There’s yet another FEU high school alumnus also starring for another UAAP team in the seniors division: UST striker TJ Garciano, who was the Finals MVP for the Baby Tams in 2020. Garciano scored eight times this season, including one in the Golden Booters’ semifinal loss to UP.

How I wish we could have five, seven, or even ten more programs like FEU’s that could really ratchet up the standard of play. 

Martini Rey can be the next great Barotac Nuevo striker.

FEU bristled with weapons, from Basindanan to the tricky Karl Absalon, to Nickos Mamon and Khent Valenzuela, tall and graceful players with a nose for goal. But FEU’s greatest offensive asset is Martini Rey, an internationally-sized withdrawn striker/attacking midfielder from that legendary hotbed of Barotac Nuevo, Iloilo. 

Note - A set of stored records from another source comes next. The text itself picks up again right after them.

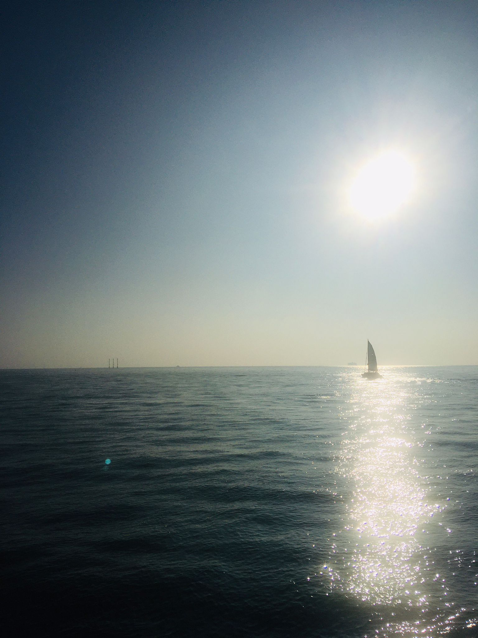 The Sun is shining across the Solent (between Portsmouth and Ryde Isle of Wight) and catches a yacht in its rays.
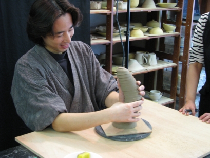 ロクロを回転させたまま筒状の生地を横に切っていくと、まるでバネのような形が出来あがる。つくってすぐは柔らかすぎるが1日ほど置いて半乾きにすると、しなやかな「土のバネ」となり、曲げて好きな形を作ることができる。この技法でできた形は、面白い灯りとなる。 |
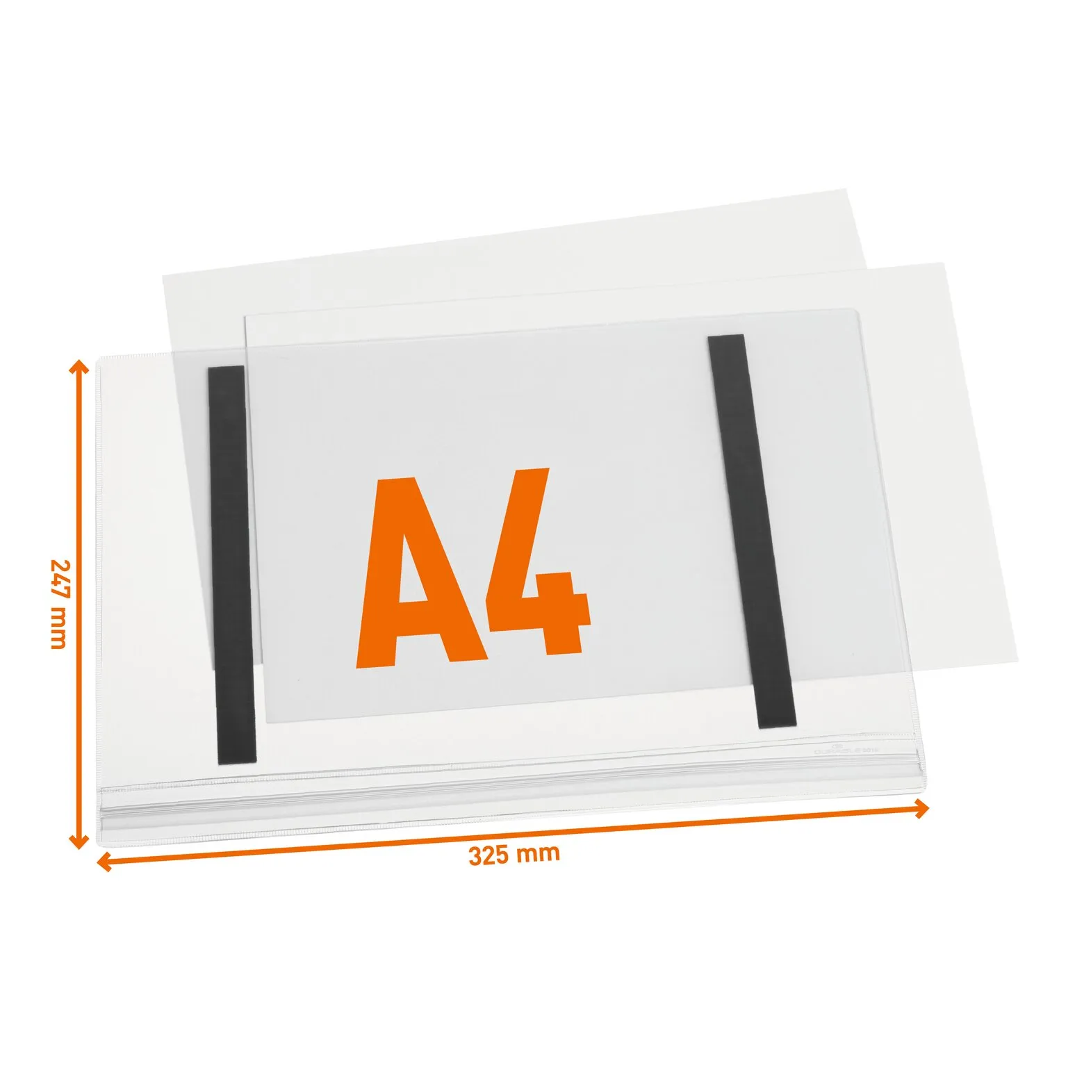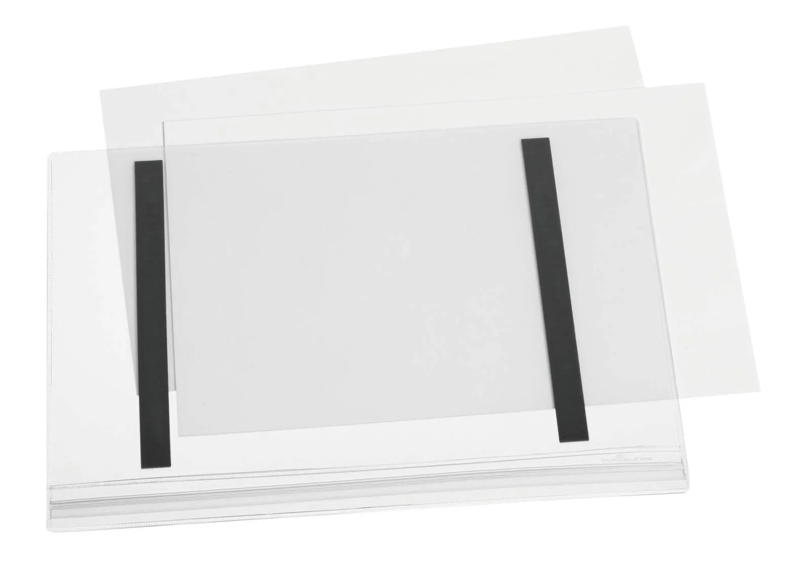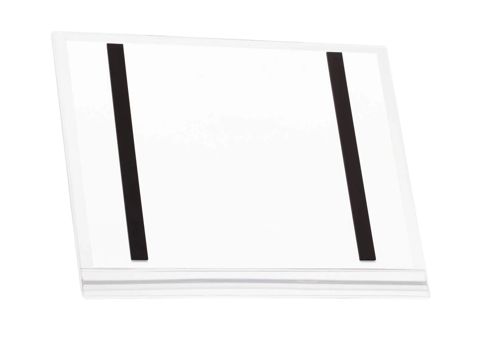 • Water-resistant pocket is ideal for displaying information outdoors such as garden centres, saunas, swimming pools, gates and notice boards, where notices come into contact with splashing water. • The waterproof pressure closure protects the contents of the pocket especially in the rain, high humidity, wetness and dirt. • Magnetic: 2 magnetic strips with high adhesive force on the back of the display pocket (adhesive force 0.95N/cm² per magnetic strip). • IPX5 standard tested (protection against water jets from all directions). • Transparent UV-stabilized and weather-resistant, scratch-resistant plastic with an anti-reflective effect. • Can be used in both portrait and landscape format. • contents quickly and easily • Capacity 2 sheets 160 g/gsm, included in the pack
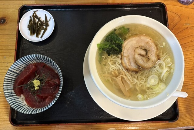 本日は炭火焼地鶏塩らーめんの鉄火丼セットをいただきました。
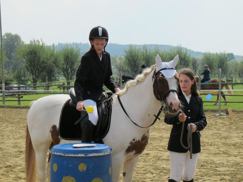 Die Geschicklichkeitswettbewerbe dagegen waren weniger auf Geschwindigkeit ausgelegt, dabei ging es eher um eine ruhige Hand. Nur mit äußerster Konzentration gelang es den Jugendlichen, u.a. einen Plastikball auf einem Löffel zu transportieren oder Hufeisen in einen Reifen zu werfen.
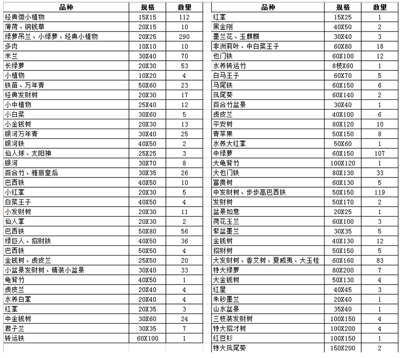 按地點、規(guī)格、數(shù)量要求提供綠植擺放、維護、保養(yǎng)及大院內(nèi)綠植養(yǎng)護。
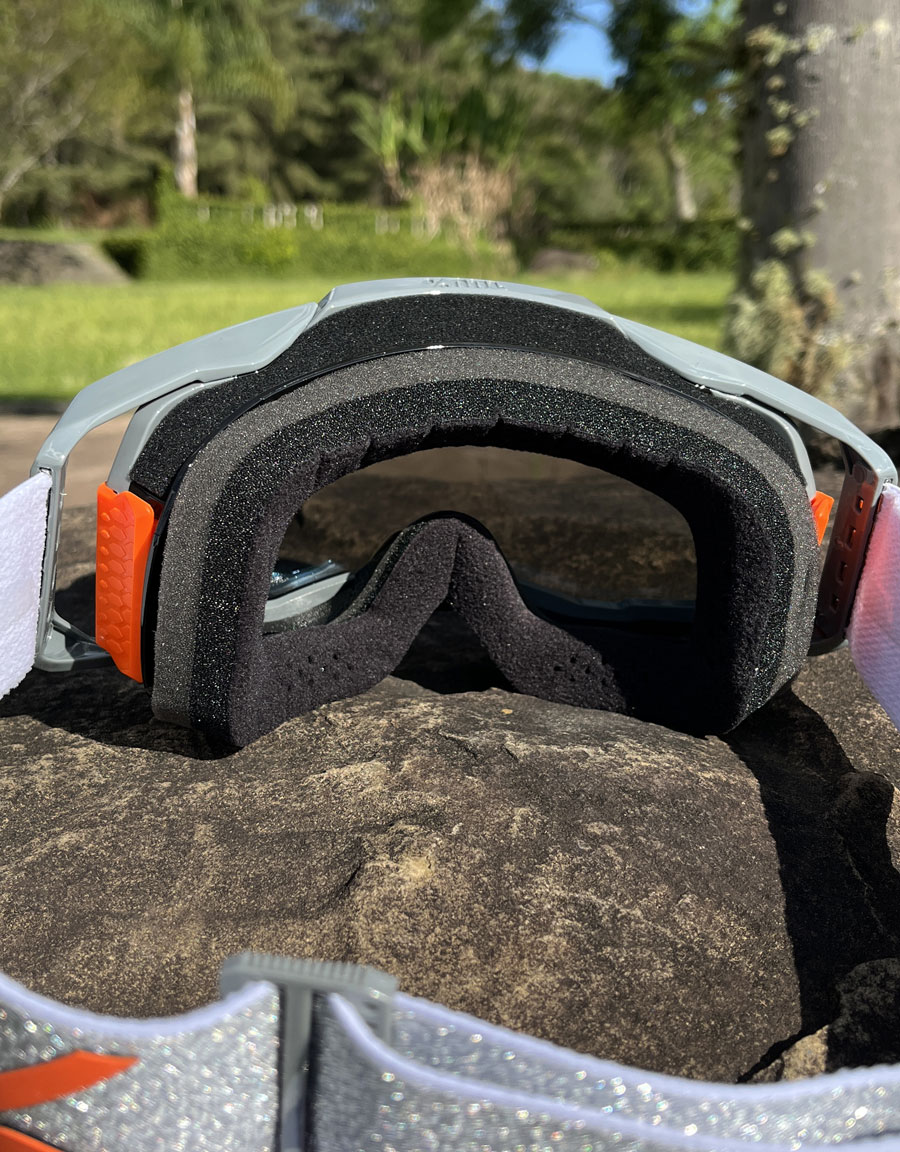 Óculos 100% Armega ainda conta com nosepad (narizeira) integrada removível para maior proteção contra impactos e sujeiras, garantindo ainda mais conforto em sua pilotagem.
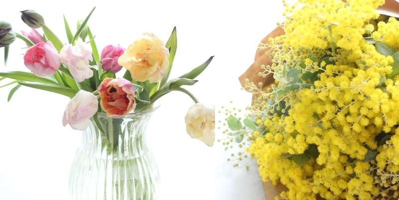 寒さが続くなか、いち早く春を感じられる花といえばチューリップとミモザ。たっぷりと飾れて、ギフトにもぴったりな2商品をご用意しました。

Rey scored six goals this season, including the dramatic stoppage-time equalizer against Ateneo. But more than his finishing, Rey plays the role of midfield control tower with great effect. All season long he unspooled slide-rule passes to the other Tams attackers. If the UAAP kept goal involvement stats, I think he would be at the top of the list. 

Rey is also good with the ball at his feet, and unlike many tall Filipino footballers, is not willowy at all, blessed with a sturdy upper body well-suited to the physicality of international play. 

FEU striker Martini Rey has the talent to play abroad. (Photo by UAAP Media Bureau)

His collegiate playing years are done, and I really hope Rey gets a shot at playing abroad. I think he deserves a chance at the Thai second tier, or maybe Cambodia, where another former FEU product, Pocholo Bugas, is making waves for Angkor Tiger. But no doubt, several PFL teams are chasing his signature. I predict he will make the senior men’s team in the Mitsubishi Electric Cup later this year. 

If Rey works hard, stays humble, gets lucky with injuries and makes good decisions, he can join the illustrious list of great Barotcanon strikers that includes Yanti Barsales, Ian Araneta, Chieffy Caligdong, Balot Doctora, and Jovin Bedic. This bunch have all scored for the Azkals, and by my count, a grand total of 22 goals.  

Martini was shackled on Thursday, but his future is bright.